Cholesterol and other products of the cholesterol biosynthetic pathway are essential for fetal development, including synthesis of steroids and cell membranes. Because of the ability of statins such as lovastatin to decrease the synthesis of cholesterol and possibly other products of the cholesterol biosynthetic pathway, lovastatin may cause fetal harm when administered to pregnant women. Rarely, congenital anomalies have been reported clinically following intrauterine exposure to statins. In an analysis of more than 200 prospectively followed pregnancies exposed during the first trimester to lovastatin or another closely related statin, the incidence of congenital anomalies was comparable to that seen in the general population; this number of pregnancies was sufficient to exclude a threefold or greater increase in congenital anomalies over the background incidence.

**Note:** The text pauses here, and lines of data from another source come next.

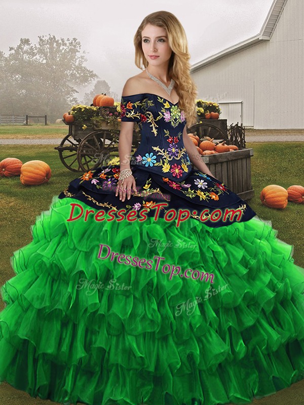 Charming Green Sleeveless Embroidery and Ruffled Layers Floor Length Ball Gown Prom Dress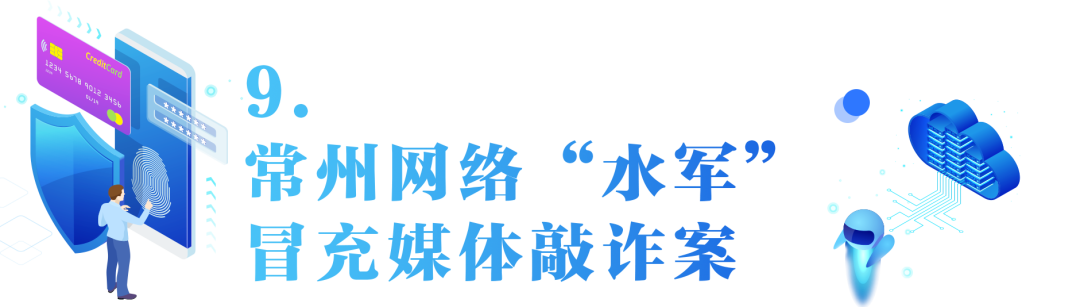 2020年1月,常州公安机关打掉一个网络“水军”团伙,抓获犯罪嫌疑人18名,扣押作案设备39部,缴获虚假证件50余本,关停非法“水军”网站20家,依法取缔“人民日报社分部”等非法新闻机构5个。查明自2018年11月以来,该团伙成立南京紫悦云文化传媒有限公司,租用境外服务器,冒充人民日报等新闻媒体,开设《人民日报社中国零距离网》等虚假网站,在江苏、安徽、上海等地,以曝光环保、拆迁、执法不规范等问题为由,向相关单位索要钱财。该团伙累计40余起,敲诈金额达200余万元。2020年8月11日,常州市武进区人民法院依法对主犯张某明等12人分别判处七个月至五年不等有期徒刑并处罚金。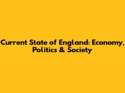 Current State Of England: Economy, Politics & Society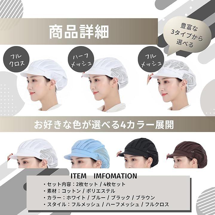 「商品詳細」サイズ:フリーサイズ(頭囲55~62cm) セット内容:2枚セット / 4枚セット 素材:コットン / ポリエステル カラー:ホワイト / ブルー / ブラック / ブラウン スタイル:フルメッシュ / ハーフメッシュ / フルクロス *製造時のにおいが気になる場合は、軽く洗濯してから風通しの良い場所で陰干ししていただくと、より快適にお使いいただけます。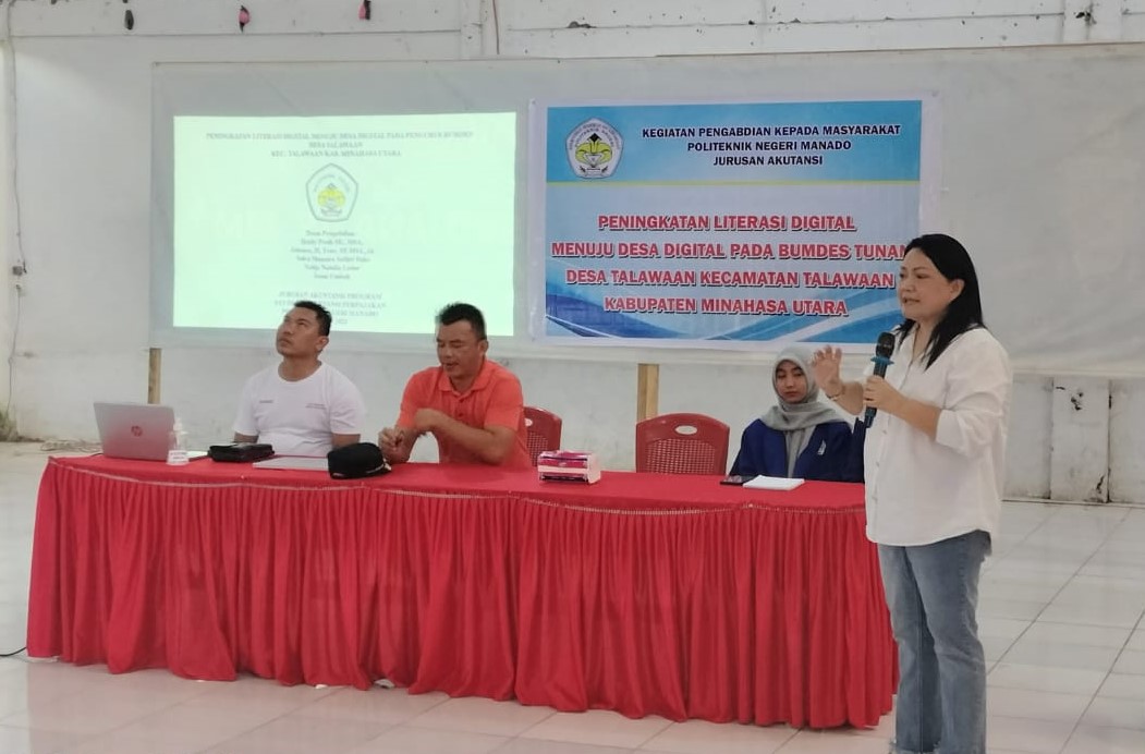 Kegiatan yang menjadi bagian utama dari Tridharma PT, digelar oleh Jurusan Akuntasi di Desa Talawaan Kecamatan Talawaan Minahasa Utara (Minut). Dimana kehadiran Polimdo adalah bertujuan untuk meningkatkan literasi digital menuju desa digital, pada pengurus BUMDES Desa Talawaan. Penanggungjawab sekaligus pemateri pada kegiatan ini Heidy Pesik SE MSA menjelaskan pengurus BUMDES Desa Talawaan dilatih menggunakan google docs dan spread sheet untuk membantu kelancaran data base. “Dengan adanya pelatihan ini, Kami berharap proses pengarsipan data maupun pembuatan data untuk lebih mudah dan bisa diakses oleh pengurus BUMDES Talawaan,” tutur Pesik didampingi mahasiswa Jurusan Akuntansi Polimdo Salva Munsira Saf Tri Dako, Neltje Natalia Lodar, dan Josua Umboh yang juga menjadi pemateri dan pendamping pada pengabdian kepada masyarakat.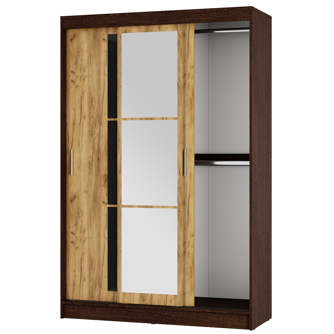Внутри с одной стороны находятся пять просторных полок для хранения вещей и постельного белья, с другой стороны – вместительная зона хранения с двумя горизонтальными хромированными штангами для одежды на вешалках.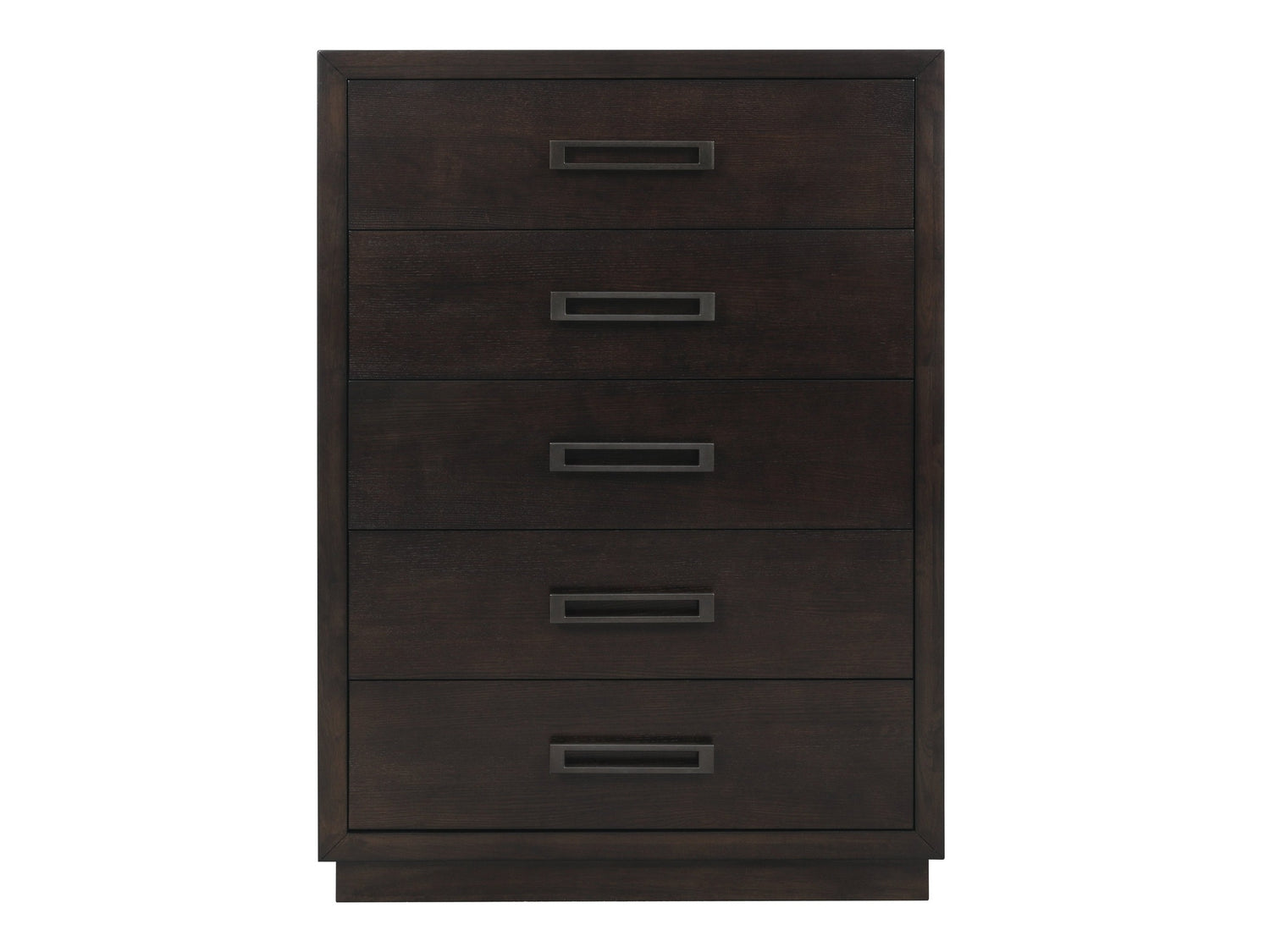 The striking profile of the Larchmont Collection is an intersection of texture, material and style. Prominent horizontal metal hardware is mounted on each drawer front, and is finished to complement the tone of the charcoal finish over ash veneer.

Lovastatin is contraindicated in women who are or may become pregnant. The drug should be administered to women of childbearing age only when such patients are highly unlikely to conceive and have been informed of the potential hazard. If the patient becomes pregnant while receiving lovastatin, the drug should be discontinued immediately and the patient informed of the potential hazard to the fetus.

Fertility

Although the manufacturer states that reproduction studies in rats receiving lovastatin have not revealed evidence of impaired fertility, an increase in the rate of spontaneous testicular degeneration (i.e., testicular atrophy, decreased spermatogenesis, spermatocytic degeneration, and giant cell formation) was observed in dogs given oral lovastatin 20 mg/kg daily (12.5 times the maximum recommended human dosage) in a 1-year study; however, this effect was poorly reproducible and appeared to be unrelated to dosage. In a study in patients with type II hyperlipoproteinemia receiving oral lovastatin 40 mg daily for 4 months, there was a small but statistically significant reduction in sperm motility compared with that observed during dietary management alone but not compared with neomycin therapy. No alterations in sperm morphology or testicular dimensions or of biochemical indices of gonadal function (serum concentrations of testosterone, luteinizing hormone, follicle-stimulating hormone, prolactin) have been found in patients receiving lovastatin in clinical studies. However, at least one case of hypospermia, which resolved following discontinuance of lovastatin, has been reported.

Lactation

It is not known whether lovastatin is distributed into human milk; however, other statins are distributed into human milk. Because of the potential for serious adverse reactions from lovastatin in nursing infants, the drug is contraindicated in nursing women; women who require lovastatin therapy should not breast-feed their infants.